Entretanto, el murmurante riachuelo se había convertido en un torrente. No pude entrar por la puerta de la vivienda, porque el empapelador había amontonado las sillas y sillones de toda la casa en el vestíbulo, los muebles del vestíbulo se encontraban en la cocina, los utensilios de la cocina en el cuarto de baño y lo del cuarto de baño en la terraza. Entré en la casa saltando por la ventana y fui a caer en un barreño que contenía cal viva.

Mi mujer me dijo:

—He pensado que en esta ocasión debíamos blanquear también las paredes, porque en su estado actual ofrecen un estado desastroso. Tal como están, es imposible recibir a nuestro tío Egon.

Segura de mi aprobación, me presentó al pintor y me encargó que me las entendiese con él. Después de todo, yo era el dueño de la casa. Quedamos en 500 libras, incluidas las puertas.

El cerrajero inspeccionó los goznes de ventana de Fuhrmann y encontró que sólo medían dos pulgadas. ¿Es que yo no sabía que tenían que ser de tres pulgadas? Me mandó otra vez a la ferretería.

La mejor de todas las esposas durmió con Rafi en la estantería, al pie de la Encyclopaedia Brittanica. Yo dormí en la cuna. Una horma de zapato extraviada me mantuvo despierto muchas horas. Para cenar tuvimos huevos revueltos con sal.

MARTES
. Fuhrmann me aseguró que los goznes de ventana medían tres pulgadas y me mandó a casa. En el jardín, me metí en un charco de barniz recién preparado y tuve que limpiarme dificultosamente en el vestíbulo, donde ahora se encontraba el cuarto de baño, porque en el cuarto de baño se estaban cambiando los azulejos de las paredes por otros de color azul turquesa (350 libras). Mi esposa opinaba, y tenía razón, que estas pequeñeces tienen que arreglarse de una vez por todas. El electricista, al que habíamos llamado para que nos solucionara un cortocircuito, nos comunicó que debíamos cambiar los interruptores «Bergmann», los contactos «Fleischmann» y los seguros «Goldfisch» (150 libras). El cerrajero admitió que los goznes de ventana belgas medían efectivamente tres pulgadas, pero pulgadas alemanas. Y me envió de nuevo a la ferretería Fuhrmann.

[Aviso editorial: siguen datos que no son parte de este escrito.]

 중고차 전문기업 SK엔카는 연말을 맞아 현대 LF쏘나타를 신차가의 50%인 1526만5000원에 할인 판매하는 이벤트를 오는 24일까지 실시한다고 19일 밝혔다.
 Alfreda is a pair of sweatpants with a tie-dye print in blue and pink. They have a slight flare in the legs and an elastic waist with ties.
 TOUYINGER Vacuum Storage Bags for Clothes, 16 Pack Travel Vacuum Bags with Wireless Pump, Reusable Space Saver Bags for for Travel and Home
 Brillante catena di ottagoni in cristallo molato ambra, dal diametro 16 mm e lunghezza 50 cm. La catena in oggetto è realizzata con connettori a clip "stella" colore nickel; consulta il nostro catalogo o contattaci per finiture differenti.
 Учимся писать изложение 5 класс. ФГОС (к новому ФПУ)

Cuando el pintor hubo llegado a la mitad del techo de la cocina, elevó de golpe su precio y nos dio esta clara explicación:

—En las semanas anteriores a Pascua, yo soy siempre algo más caro, porque todo el mundo dice que no quiere esperar a Pascua, porque en Pascua todos reflexionan y por esto todo es más caro y por ello vienen siempre ya unas semanas antes de Pascua y por esto yo en las semanas antes de Pascua soy siempre algo más caro.

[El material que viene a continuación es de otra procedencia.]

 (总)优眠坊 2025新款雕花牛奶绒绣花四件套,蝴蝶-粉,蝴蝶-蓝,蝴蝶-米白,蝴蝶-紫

Además, me pidió una clase especial de chapas de madera que sólo se fabrican en Chadera. También me pidió un barniz muy determinado de antes de la guerra, dos cajetillas de cigarrillos y un sombrero de paja italiano. El conjunto de sus ayudantes había ascendido entretanto a cuatro y, mientras trabajaban, entonaron un alegre cuarteto.

El problema de dormir se solucionó sin inconvenientes. Cogí todos los vestidos de nuestro gran armario y los metí en la nevera, luego puse tendido el armario vacío en el balcón, boca arriba, y me hundí en un sueño profundo, envuelto en nubes de naftalina. Soñé que me había muerto. El cortejo fúnebre iba encabezado por una delegación de artesanos que llevaba una brocha de longitud extraordinaria.